→ SOURCE INFORMATION
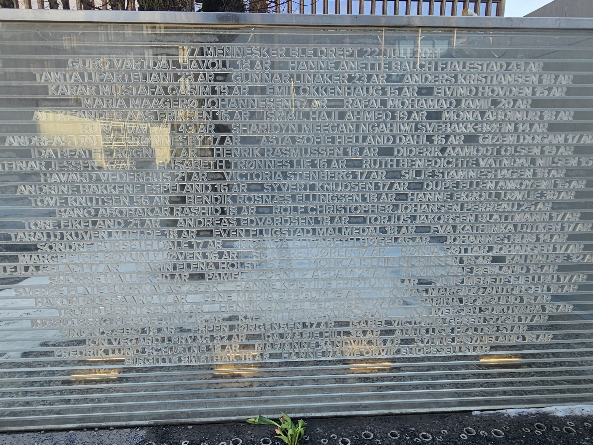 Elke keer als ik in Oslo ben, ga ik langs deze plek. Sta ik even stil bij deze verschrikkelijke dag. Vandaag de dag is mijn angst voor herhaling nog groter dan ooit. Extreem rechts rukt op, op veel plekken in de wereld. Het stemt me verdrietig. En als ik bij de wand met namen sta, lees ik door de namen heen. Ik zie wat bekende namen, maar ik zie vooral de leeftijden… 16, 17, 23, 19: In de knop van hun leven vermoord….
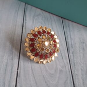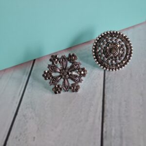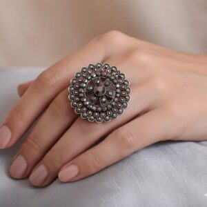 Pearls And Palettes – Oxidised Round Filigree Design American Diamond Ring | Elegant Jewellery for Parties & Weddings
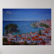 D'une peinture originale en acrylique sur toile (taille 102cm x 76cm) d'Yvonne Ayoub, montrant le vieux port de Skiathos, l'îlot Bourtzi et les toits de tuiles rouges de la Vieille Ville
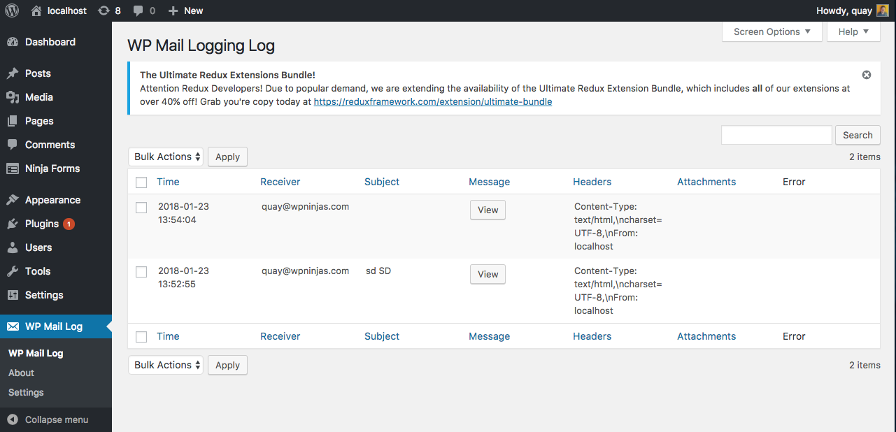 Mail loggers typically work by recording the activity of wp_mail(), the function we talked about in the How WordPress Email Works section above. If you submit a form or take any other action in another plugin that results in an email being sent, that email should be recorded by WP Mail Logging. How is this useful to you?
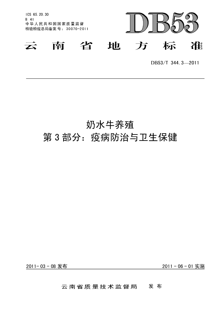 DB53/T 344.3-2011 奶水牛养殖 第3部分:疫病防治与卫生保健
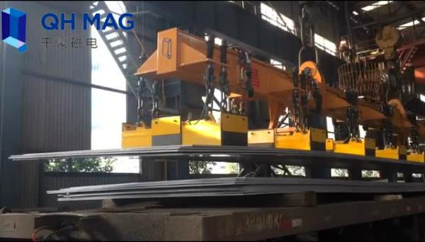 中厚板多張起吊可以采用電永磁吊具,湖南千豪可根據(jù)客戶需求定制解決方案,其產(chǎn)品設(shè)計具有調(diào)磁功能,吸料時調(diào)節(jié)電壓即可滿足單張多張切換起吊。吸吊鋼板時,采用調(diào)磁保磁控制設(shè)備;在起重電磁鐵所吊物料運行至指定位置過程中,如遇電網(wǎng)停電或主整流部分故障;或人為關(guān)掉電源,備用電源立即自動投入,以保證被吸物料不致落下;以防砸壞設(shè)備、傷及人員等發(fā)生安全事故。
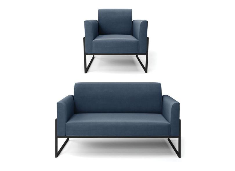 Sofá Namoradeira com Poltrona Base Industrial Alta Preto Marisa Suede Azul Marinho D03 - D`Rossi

→ PROBLEM TO SOLVE
Return all the records exactly, excluding images.

→ SOLUTION TO THIS PROBLEM
 Elke keer als ik in Oslo ben, ga ik langs deze plek. Sta ik even stil bij deze verschrikkelijke dag. Vandaag de dag is mijn angst voor herhaling nog groter dan ooit. Extreem rechts rukt op, op veel plekken in de wereld. Het stemt me verdrietig. En als ik bij de wand met namen sta, lees ik door de namen heen. Ik zie wat bekende namen, maar ik zie vooral de leeftijden… 16, 17, 23, 19: In de knop van hun leven vermoord….
 Pearls And Palettes – Oxidised Round Filigree Design American Diamond Ring | Elegant Jewellery for Parties & Weddings
 D'une peinture originale en acrylique sur toile (taille 102cm x 76cm) d'Yvonne Ayoub, montrant le vieux port de Skiathos, l'îlot Bourtzi et les toits de tuiles rouges de la Vieille Ville
 Mail loggers typically work by recording the activity of wp_mail(), the function we talked about in the How WordPress Email Works section above. If you submit a form or take any other action in another plugin that results in an email being sent, that email should be recorded by WP Mail Logging. How is this useful to you?
 DB53/T 344.3-2011 奶水牛养殖 第3部分:疫病防治与卫生保健
 中厚板多張起吊可以采用電永磁吊具,湖南千豪可根據(jù)客戶需求定制解決方案,其產(chǎn)品設(shè)計具有調(diào)磁功能,吸料時調(diào)節(jié)電壓即可滿足單張多張切換起吊。吸吊鋼板時,采用調(diào)磁保磁控制設(shè)備;在起重電磁鐵所吊物料運行至指定位置過程中,如遇電網(wǎng)停電或主整流部分故障;或人為關(guān)掉電源,備用電源立即自動投入,以保證被吸物料不致落下;以防砸壞設(shè)備、傷及人員等發(fā)生安全事故。
 Sofá Namoradeira com Poltrona Base Industrial Alta Preto Marisa Suede Azul Marinho D03 - D`Rossi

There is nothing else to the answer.